▶ **What is required**: From the records that follow, return exactly the lines beginning at the one that contains "РЕАЛИСТ БАНК по" and ending at the one that contains "재료: 말린 고사리, 도라지, 호박고지", pictures left out.

Data items:
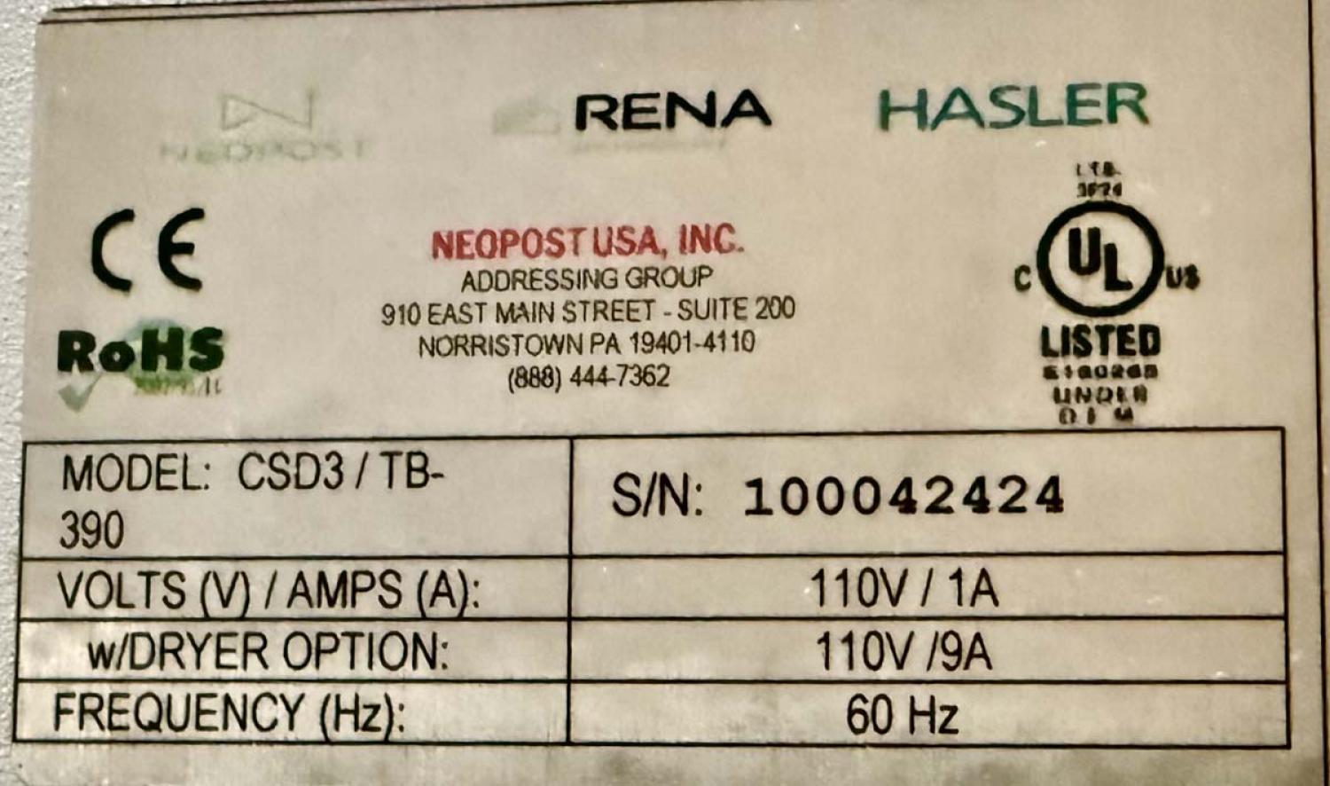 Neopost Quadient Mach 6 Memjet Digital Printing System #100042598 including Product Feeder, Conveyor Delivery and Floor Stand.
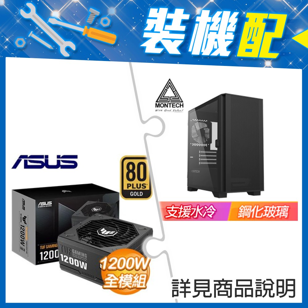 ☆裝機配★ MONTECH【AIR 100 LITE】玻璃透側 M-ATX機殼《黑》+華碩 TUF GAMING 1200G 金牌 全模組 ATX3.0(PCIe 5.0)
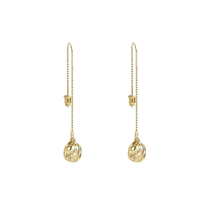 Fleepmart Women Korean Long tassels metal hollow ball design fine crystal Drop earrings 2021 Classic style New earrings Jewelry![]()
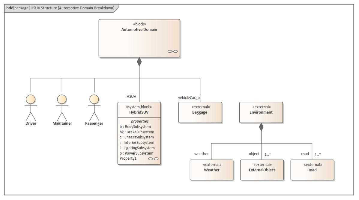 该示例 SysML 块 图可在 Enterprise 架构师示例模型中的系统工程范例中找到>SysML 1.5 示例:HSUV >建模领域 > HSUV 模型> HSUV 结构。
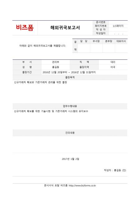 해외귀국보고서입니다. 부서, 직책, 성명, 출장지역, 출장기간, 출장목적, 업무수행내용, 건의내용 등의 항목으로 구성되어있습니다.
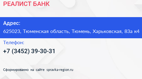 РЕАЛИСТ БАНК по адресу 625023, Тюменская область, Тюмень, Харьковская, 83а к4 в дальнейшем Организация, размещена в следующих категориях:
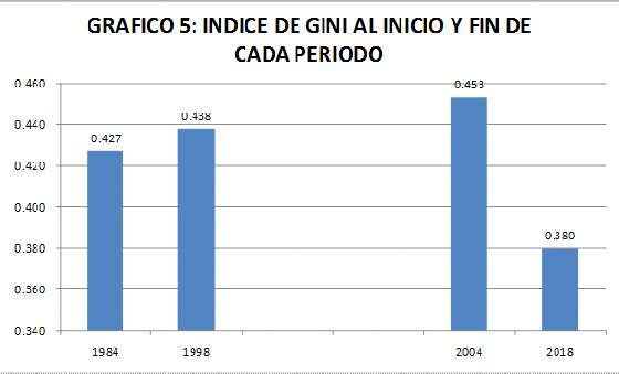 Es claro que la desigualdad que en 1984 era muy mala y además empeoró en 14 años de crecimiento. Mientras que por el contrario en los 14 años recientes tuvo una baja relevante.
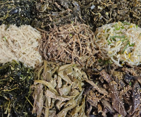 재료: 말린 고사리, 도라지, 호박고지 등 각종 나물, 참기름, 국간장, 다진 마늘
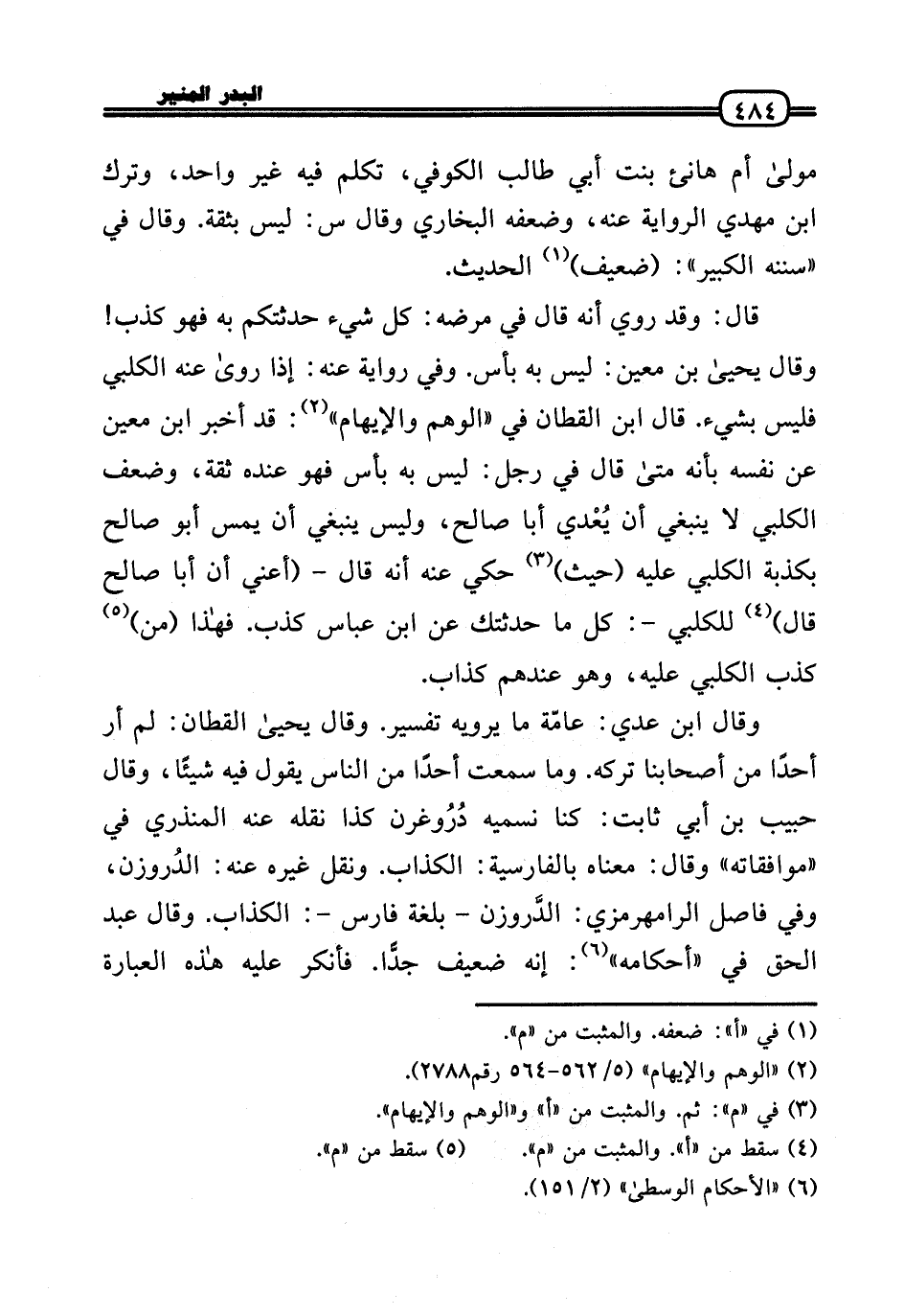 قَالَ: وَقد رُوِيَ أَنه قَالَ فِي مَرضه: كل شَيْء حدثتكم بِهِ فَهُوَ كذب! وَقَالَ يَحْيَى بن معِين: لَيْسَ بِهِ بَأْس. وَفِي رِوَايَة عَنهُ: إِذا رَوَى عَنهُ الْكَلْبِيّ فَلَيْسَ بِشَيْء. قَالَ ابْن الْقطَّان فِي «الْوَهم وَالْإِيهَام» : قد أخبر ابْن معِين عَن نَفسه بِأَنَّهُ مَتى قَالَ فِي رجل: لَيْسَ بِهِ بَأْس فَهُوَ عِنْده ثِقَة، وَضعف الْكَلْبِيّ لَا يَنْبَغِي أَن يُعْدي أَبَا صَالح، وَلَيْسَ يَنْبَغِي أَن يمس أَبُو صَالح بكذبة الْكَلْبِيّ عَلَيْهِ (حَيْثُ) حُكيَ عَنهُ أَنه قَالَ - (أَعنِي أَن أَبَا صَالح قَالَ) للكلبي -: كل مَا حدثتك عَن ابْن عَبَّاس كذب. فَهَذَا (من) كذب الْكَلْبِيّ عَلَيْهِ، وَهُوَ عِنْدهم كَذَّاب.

▶ **Exercise result**:
 РЕАЛИСТ БАНК по адресу 625023, Тюменская область, Тюмень, Харьковская, 83а к4 в дальнейшем Организация, размещена в следующих категориях:
 Es claro que la desigualdad que en 1984 era muy mala y además empeoró en 14 años de crecimiento. Mientras que por el contrario en los 14 años recientes tuvo una baja relevante.
 재료: 말린 고사리, 도라지, 호박고지 등 각종 나물, 참기름, 국간장, 다진 마늘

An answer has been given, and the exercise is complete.